11.08.2020 – 50. Todestag von Bernd Alois Zimmermann
Stand: 11.08.2020, 12:25 Uhr
In Königsdorf lebte er und liegt begraben, 12km vom Kölner Dom entfernt (neben seiner Frau und seiner gleich nach der Geburt gestorbenen Tochter Barbara), einer der größten Komponisten der musikalischen Avantgarde: Bernd Alois Zimmermann. Am 10. August 2020 vor 50 Jahren ging er in den Freitod.
„Ich bin hinter dicken Glaswänden. Ich kann euch alle sehen, aber ich habe keine Verbindung“, sagte er. Eine akute Depression würde man heute sagen. Dazu kamen eine schwere Hautkrankheit aufgrund einer Kampfmittelvergiftung im Zweiten Weltkrieg und ein Augenleiden, das ihn mit Blindheit bedrohte.
Bernd Alois Zimmermann war in seiner Art zu Komponieren ein Wanderer. Das serielle Komponieren, das nach dem Krieg in der Avantgarde den Ton angab, stand ihm genauso zur Verfügung wie neoklassizistische Anleihen. Auch scheute er sich nicht, Gebrauchsmusiken für den Rundfunk zu komponieren. Sein Opus summum aber ist die Oper „Die Soldaten“, heute ein Klassiker des modernen Musiktheaters, das als unspielbar galt, bis sich der Dirigent Michael Gielen 1965 beherzt der Sache annahm und es beim WDR aufnahm.
An der 50. Wiederkehr seines Todestages trafen sich in Königsdorf an seinem Grab – coronabedingt - eine kleine Schar, einberufen von der Bernd-Alois-Zimmermann-Gesellschaft und ihres Vorstandsmitglieds Dr. Ralph Paland, der sehr nachdrücklich das Ethos von Zimmermanns Komponieren in Erinnerung rief: Komponisten seien Protokollanten einer desorganisierten Welt. Zuvor las Zimmermanns Tochter Bettina aus der Hausbibel des Komponisten aus dem dritten Kapitel des Buches Kohelet „Alles hat seine Stunde“, damit auf Zimmermanns musikalische Zeitkonzeption anspielend, nach der es kein früher oder später, kein hoch oder tief der Stile geben könne, sondern eine Art zeitgenössische Berichterstatteraufgabe.

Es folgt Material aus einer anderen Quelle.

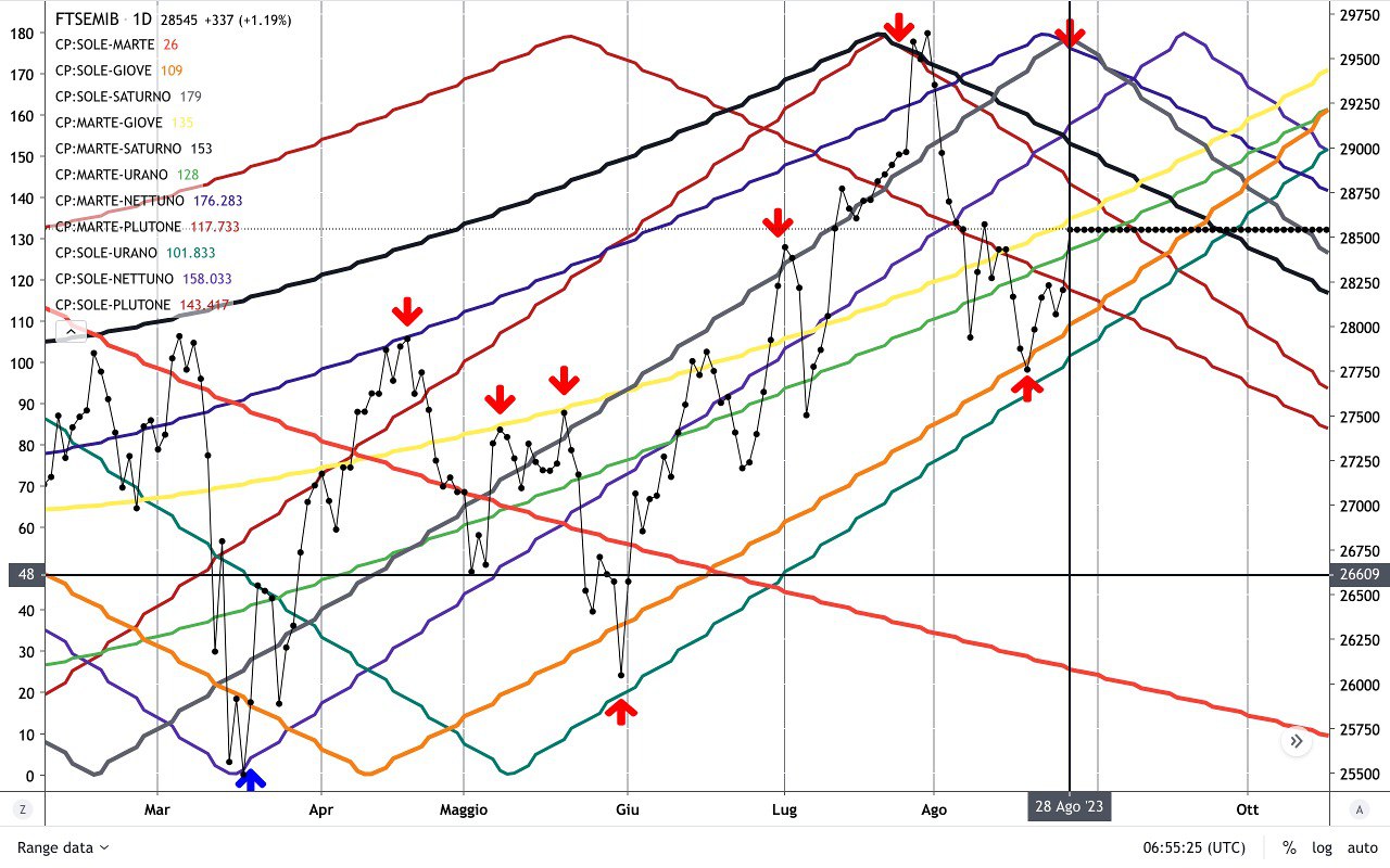 La settimana prossima, sui vari aspetti planetari “testeremo” effettivamente l’andamento del mercato, in particolare sulla CONGIUNZIONE LUNA-GIOVE tra il 4 e il 5 Settembre.
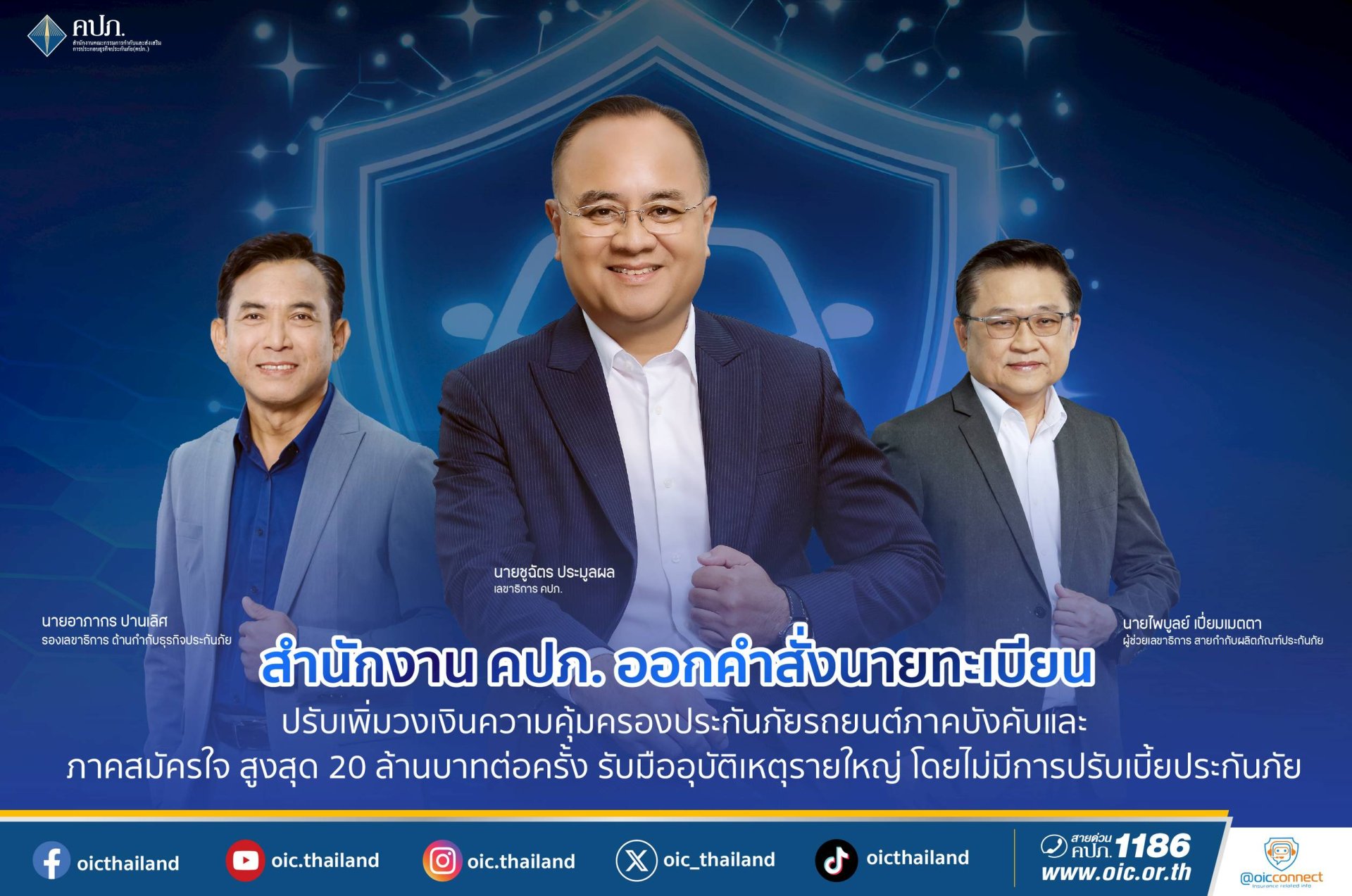 สำนักงาน คปภ. ออกคำสั่งนายทะเบียน ปรับเพิ่มวงเงินความคุ้มครองประกันภัยรถยนต์ภาคบังคับและภาคสมัครใจ สูงสุด 20 ล้านบาทต่อครั้ง รับมืออุบัติเหตุรายใหญ่ โดยไม่มีการปรับเบี้ยประกันภัย
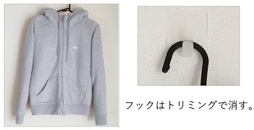 壁用の透明フックがあれば、かける場所がない家でも安心です。
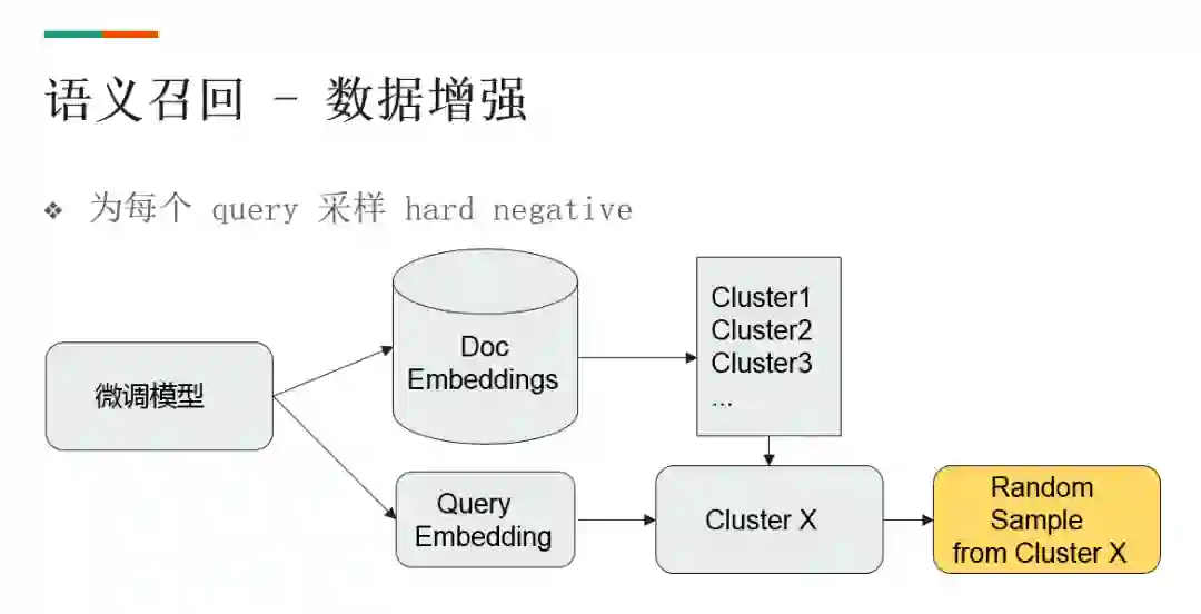 用原始的脚本数据去微调一个模型,计算 doc 的 embedding 和 query 的 embedding。对 doc embedding 进行聚类,此时 doc 和 query 的 embedding 就在同一空间里,所以 query embedding 就可以对应到某一个类别。这时候即可从 doc 里直接采样一些负样本了。
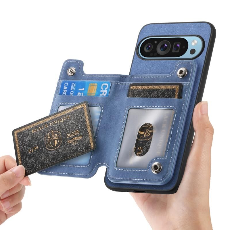 For Google Pixel 8 Pro Retro MagSafe Zipper Wallet Card Bag Back Phone Case(Blue)
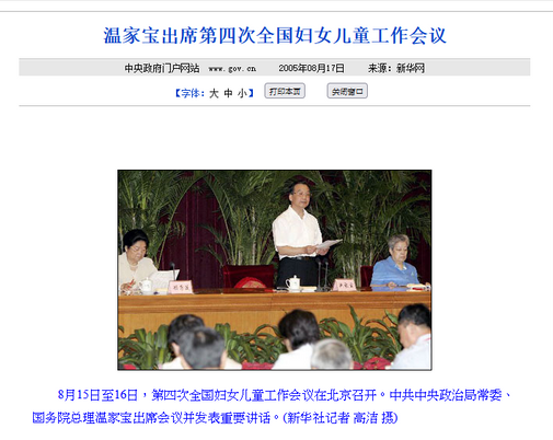 温家宝出席第五次全国妇女儿童工作会议并讲话 (2011)
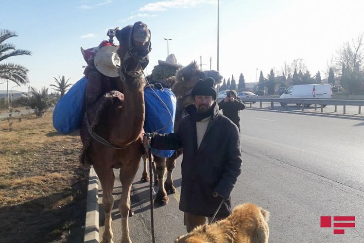 İranın cənubundan dəvə ilə səyahətə çıxan turist 9 ay sonra Gəncəyə çatıb

Bettina Zimmermann zeigte später diese Bibel, die der Komponist mit vielen Anmerkungen versehen hatte auch für nicht realisierte Projekte versehen hat etwa über die Offenbarung des Johannes.
Der Bratscher Sebastian Gottschick spielte in berührender Weide auf dem Friedhof Bach und Zimmermanns Violasonate, die die Widmung trägt „…an den Gesang eines Engels“ - im Gedenken an die verstorbene Tochter Barbara und in Bezug auf Alban Bergs Violinkonzert. Der Schlussabschnitt mündet in den Weihnachts-Choral „Gelobet seist Du Jesu Christ“.
Das alles war auf dem Königsdorfer Friedhof in fast familiärer Atmosphäre zu erleben unter Anwesenheit auch von Zimmermanns Sohn Wimar und dreier seiner Schüler Harald Banter, York Höller und Georg Kröll, alle mittlerweile im hohen Alter und alle auch dem WDR verbunden, Banter als Redakteur und Bandleader in der Abteilung Unterhaltende Musik und Höller als Leiter des Studios für Elektronische Musik, so als ob sich in diesen Personen noch einmal Zimmermanns weitumspannende Musikanschauung zeigte. Und mit Georg Kröll redete Zimmermann am Telefon wenige Tage vor seinem Tod darüber, ob ein Christenmensch sich umbringen dürfe.
Dass Zimmermann auch als eine Lokalgröße wahrgenommen wird, zeigte die Anwesenheit der Frechener Bürgermeisterin Susanne Stupp (Königsdorf gehört seit den Siebzigerjahren zu Frechen), des stellvertretenden Landrats des Rhein-Erft-Kreises und des Vertreters aus Bliesheim, was aus dem Süden kommende Autofahrer als Autobahnkreuz kurz vor Köln wahrnehmen, wo Zimmermann geboren wurde.
Im Anschluss an die Gedenkstunde sinnierte man darüber, ob Bernd Alois Zimmermann eigentlich rheinischen Dialekt sprach: „Isch wandte misch und sah an alles Unrescht, dat jeschah unter d‘r Sonne“, ob er wohl so den Titel seines letzten Werke gesprochen hätte. Nein, sagte seine Tochter Bettina, nur das rollende Voreifler-R habe er zeitlebends beibehalten.